Amano Yuji, Ishimura Norihisa, Ishihara Shunji
Department of Endoscopy, New Tokyo Hospital, 1271 Wanagaya, Matsudo, Chiba 270-2232, Japan.
Department of Internal Medicine II, Faculty of Medicine, Shimane University, Shimane 693-8501, Japan.
Life (Basel). 2020 Oct 16;10(10):244. doi: 10.3390/life10100244.

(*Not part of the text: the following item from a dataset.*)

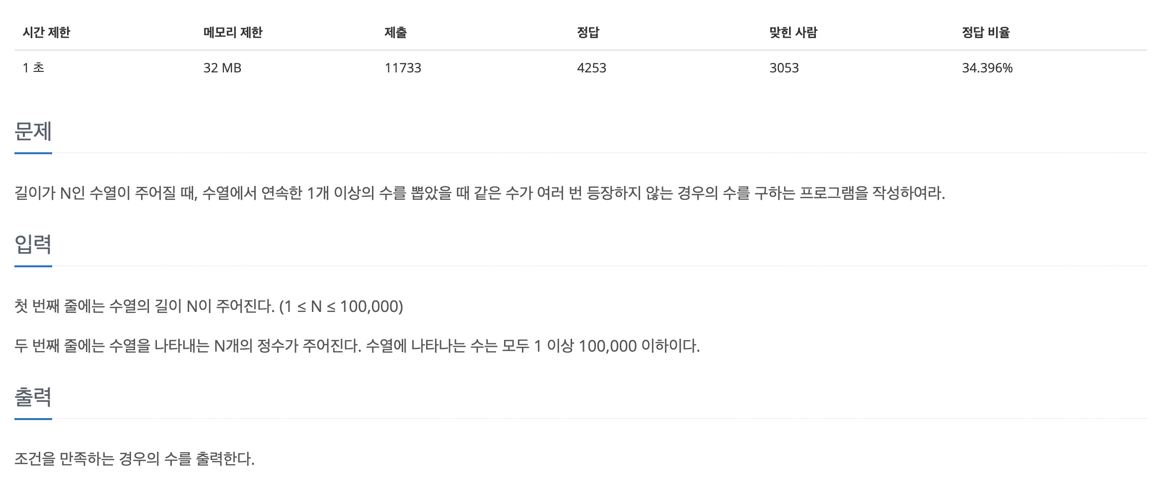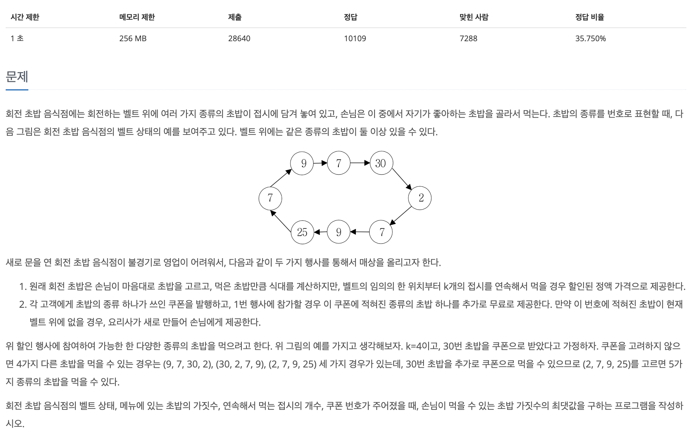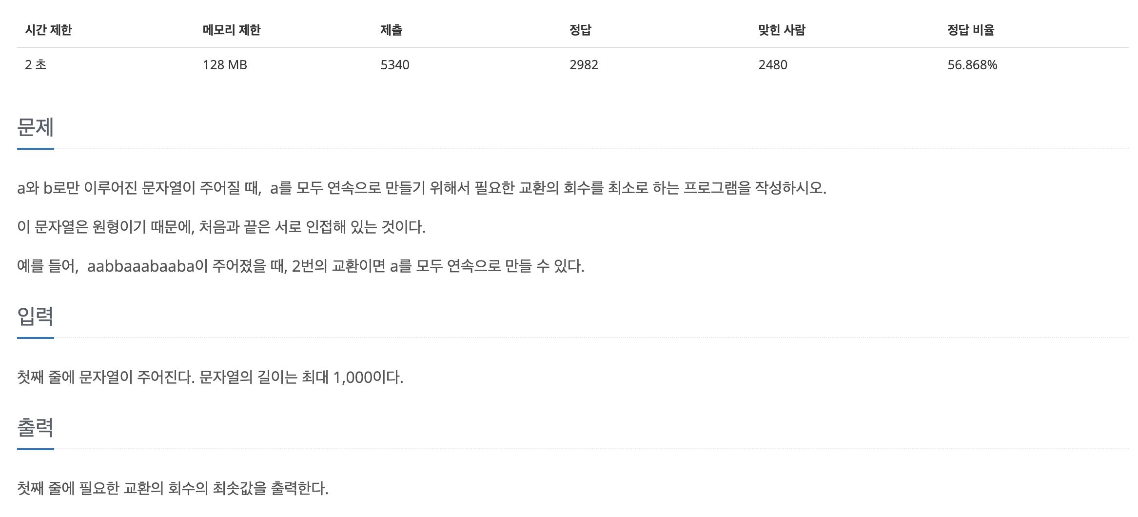 https://www.acmicpc.net/problem/1522 문제 조건은1. 모든 a를 한곳에 모아야한다2. 문자열은 원형 구조라 처음과 끝이 이어져있다. 따라서 문제 풀이는1. 최종 완성되어야할 연결된 a의 수 구하기2. 문자열은 원형구조이므로 두배로 이어 붙이기3. 문자열 i부터 i+a 까지 슬라이싱해서 그 안에 있는 b의 수의 최솟값 구하기 # 성공 코드const str = require("fs").readFileSync("/dev/stdin").toString().trim();const aCnt = [...str].filter((c) => c === "a").length;const strDouble = str + str;let result = Number(Infinity);for (let ..

Given that endoscopic findings can be used to predict the potential of neoplastic progression in Barrett's esophagus (BE) cases, the detection rate of dysplastic Barrett's lesions may become higher even in laborious endoscopic surveillance because a special attention is consequently paid. However, endoscopic findings for effective detection of the risk of neoplastic progression to esophageal adenocarcinoma (EAC) have not been confirmed, though some typical appearances are suggestive. In the present review, endoscopic findings that can be used predict malignant potential to EAC in BE cases are discussed. Conventional results obtained with white light endoscopy, such as length of BE, presence of esophagitis, ulceration, hiatal hernia, and nodularity, are used as indicators of a higher risk of neoplastic progression. However, there are controversies in some of those findings. Absence of palisade vessels may be also a new candidate predictor, as that reveals degree of intense inflammation and of cyclooxygenase-2 protein expression with accelerated cellular proliferation. Furthermore, an open type of mucosal pattern and enriched stromal blood vessels, which can be observed by image-enhanced endoscopy, including narrow band imaging, have been confirmed as factors useful for prediction of neoplastic progression of BE because they indicate more frequent cyclooxygenase-2 protein expression along with accelerated cellular proliferation. Should the malignant potential of BE be shown predictable by these endoscopic findings, that would simplify methods used for an effective surveillance, because patients requiring careful monitoring would be more easily identified. Development in the near future of a comprehensive scoring system for BE based on clinical factors, biomarkers and endoscopic predictors is required.
鉴于内镜检查结果可用于预测巴雷特食管(BE)病例的肿瘤进展潜力,即使在内镜检查操作繁琐的情况下,发育异常的巴雷特病变的检出率也可能会更高,因为这样会因此给予特别关注。然而,尽管一些典型表现具有提示性,但尚未证实用于有效检测食管腺癌(EAC)肿瘤进展风险的内镜检查结果。在本综述中,讨论了可用于预测BE病例发生EAC恶性潜能的内镜检查结果。白光内镜检查获得的传统结果,如BE的长度、食管炎、溃疡、食管裂孔疝和结节的存在,被用作肿瘤进展风险较高的指标。然而,其中一些结果存在争议。栅栏状血管缺失也可能是一种新的候选预测指标,因为它揭示了炎症程度以及环氧化酶-2蛋白表达与细胞增殖加速的情况。此外,通过包括窄带成像在内的图像增强内镜观察到的开放型黏膜模式和丰富的基质血管,已被确认为有助于预测BE肿瘤进展的因素,因为它们表明环氧化酶-2蛋白表达更频繁且细胞增殖加速。如果这些内镜检查结果能够显示出可预测BE的恶性潜能,那么将简化有效的监测方法,因为需要仔细监测的患者将更容易被识别。未来需要基于临床因素、生物标志物和内镜预测指标开发一个全面的BE评分系统。